Enter Gerald Bud Blekeberg… Born and raised in Decorah Iowa, Gerald served in the Army and attended Mankato State College. He worked as a carpenter most of his life and migrated to Owatonna. He volunteered at the State School and his passion was seeing that all children had a cross marker with their name on it.

The boardwalk marking the cinder path to the cemetery is comprised of boards on which names of the “State Schoolers” are engraved.  The Third Annual Lighting the Path event will be held Saturday, September 12, 2015.  This is a fundraiser for The Children Remembered Legacy Trust and used for renovation and restoration.  You will notice in the pictures below that the wooden boards are wearing down due to the elements.  They are working on replacing these boards to preserve the boardwalk and the history recorded on the boards.

Current major restorations include the root cellar

And Cottage 11.  You will want to tour Cottage 11.

Cottage 11 was built in 1923 and about 35 boys ranging in age from 6 – 12 lived there. It has been fully restored to its 1923 condition including the original terrazzo flooring, bathroom fixtures and woodwork.   You will also find the museum gift shop in Cottage 11.

A peek into the visitors’ sign-in book revealed comments that kind of tore at my heart.  Comments from people who had visited the museum the day I was there:  “Thank you, my dad lived here.”  “So happy to finally visit.  My grandmother lived here”  How special the visit had to  be for them.

They say the main building is haunted by the children who once lived there. I don’t know that I’m a believer, but I do know that as I left the museum I was haunted by the knowledge that over 10,000 children never experienced the love of a mother and father, never really knew how special they were because there was no one who had the time to tell them, and that 151 were buried with only a number to identify them.  That is what haunts me.  I also left feeling grateful for the people who cared enough to preserve this bit of history and help all of us “Remember the Children.”

I could fill volumes with what I saw and heard on my visit to the Minnesota State Orphanage Museum.  I really urge you to add this to your trip list.  In my opinion it may just be one of the most important “Little Trips” you will ever take.  They have self-guided audio tours and guided tours.

For more information check out their newsletter.  It is really interesting and very well put together.   The Radiator Brush

I plan on attending this year’s Annual Lighting of the Path.  I hope to see you there.



  1. This is an amazing story, Heidi. I am going to BLOG this one, also. We would never know about all of the fantastic places in this country unless there were people like you to tell us about them. Coppy

  2. Heidi, this is a wonderful story! Amazing from all sides. I am putting it on the WHAG BLOG for the enjoyment and enlightenment of the artists. Coppy

  3. Pingback: THE CITY ON THE HILL… CIRCLE OF HELL OR SAFE HAVEN? « Wooden Horse Arts Guild

  4. I was here as a toddler.

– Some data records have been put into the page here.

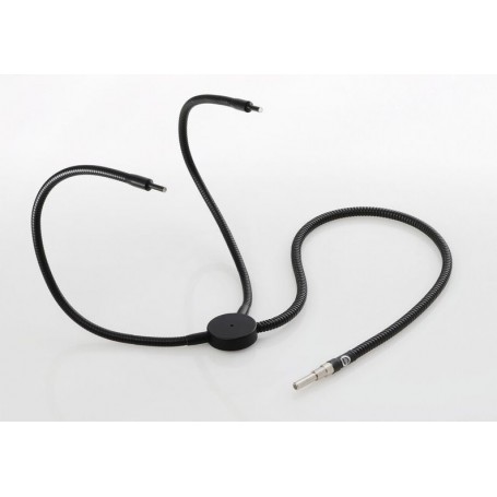 Schott 鹅颈导光器,2分支 Kombi PURAVIS,专为显微镜和检测应用中的精确和多功能照明而设计。该型号具有两个分支:一个半刚性鹅颈臂,长度为500毫米,另一个柔性光导臂,长度为800毫米,两者的直径均为4.5毫米。黑色漆面半刚性管道允许稳定定位,而柔性臂则提供更长的伸展和适应性。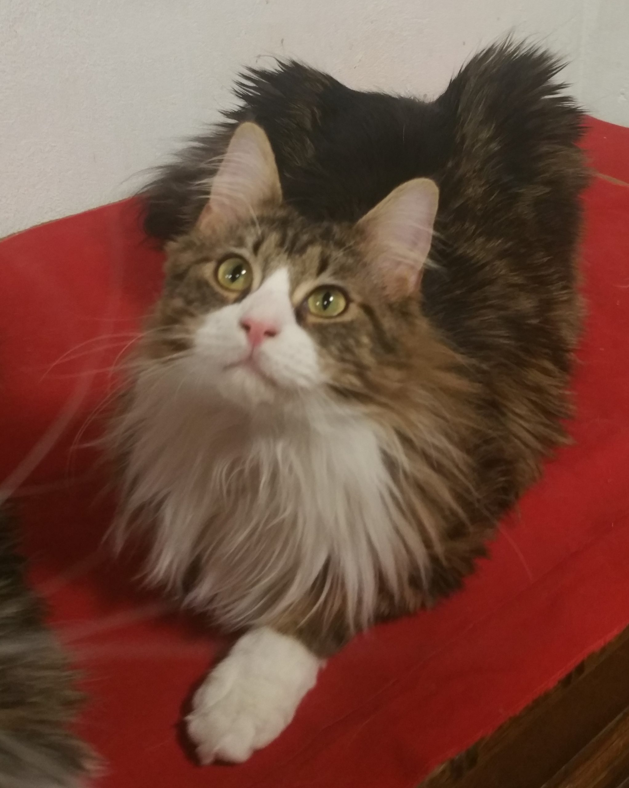Kedves, okos kandúr igazi jó gazdit szeretne, aki neki való életteret biztosít. Igazi „hagyományos ” Maine-Coon. Vadász kvalitása kiváló. Lovasok, állattató teleppel rendelkezők, akik ismerik ennek a fajtának a kiválóságát, előnyben.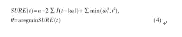 小xiao波bo去qu噪zao的de方fang法fa主zhu要yao通tong過guo設she置zhi閾yu值zhi來lai實shi現xian,對dui漏lou磁ci信xin號hao的de離li散san小xiao波bo變bian換huan,計ji算suan所suo有you小xiao波bo係xi數shu,剔ti除chu被bei認ren為wei與yu噪zao聲sheng有you關guan的de小xiao波bo係xi數shu,然ran後hou通tong過guo小xiao波bo變bian換huan的de逆ni變bian換huan得de到dao信xin號hao。對dui於yu給gei定ding的de信xin號hao,選xuan取qu閾yu值zhi的de方fang法fa很hen多duo,本ben文wen使shi用yong的de是shi基ji於yuStein無偏風險估計值最小化(SURE)的方法:

I was one of the lucky ones. I was adopted.

    • It is an amazing place and I am glad that so many who lived there were adopted. I would love to hear from those who were not so lucky and lived there through their teen years. I’m sure for some it was a safe haven and others — not so much.

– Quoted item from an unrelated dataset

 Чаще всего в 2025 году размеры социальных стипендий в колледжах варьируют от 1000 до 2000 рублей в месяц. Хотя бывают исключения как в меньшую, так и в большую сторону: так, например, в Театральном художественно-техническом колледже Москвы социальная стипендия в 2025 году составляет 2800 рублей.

  5. Thanks for this, Heidi. My father and aunt both spent some time at the school, and we visited the site two years ago. My fathers picture is posted inside the entrance with the boxing articles…

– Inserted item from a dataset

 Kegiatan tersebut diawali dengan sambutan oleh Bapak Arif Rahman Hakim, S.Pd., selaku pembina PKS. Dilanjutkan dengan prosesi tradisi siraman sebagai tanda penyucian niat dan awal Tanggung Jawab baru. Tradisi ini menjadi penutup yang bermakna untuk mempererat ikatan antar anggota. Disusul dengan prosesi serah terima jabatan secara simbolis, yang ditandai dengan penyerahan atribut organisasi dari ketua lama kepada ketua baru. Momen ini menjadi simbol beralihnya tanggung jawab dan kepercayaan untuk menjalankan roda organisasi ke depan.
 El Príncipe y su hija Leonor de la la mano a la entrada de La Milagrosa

  6. My dad worked here too. I often go there and look at the graves.
    So sad. I remember dad telling us about some of the children.

  7. Heidi,I lived in Owatonna 50 years before moving to Colorado and never new the history of the state school. We would never know about all of the fantastic places in this country unless there were people like you to tell us about them.

    • Jim, I’m glad you found my blog and enjoyed this post. If/when you return to Owatonna I hope you will visit the State School. It is truly an amazing place. I try to explore and report primarily on places that are not on the top 25 places you should add to your bucket list. There are so many places in the USA that are overlooked when we plan those little trips and vacations. Thank you for your comments.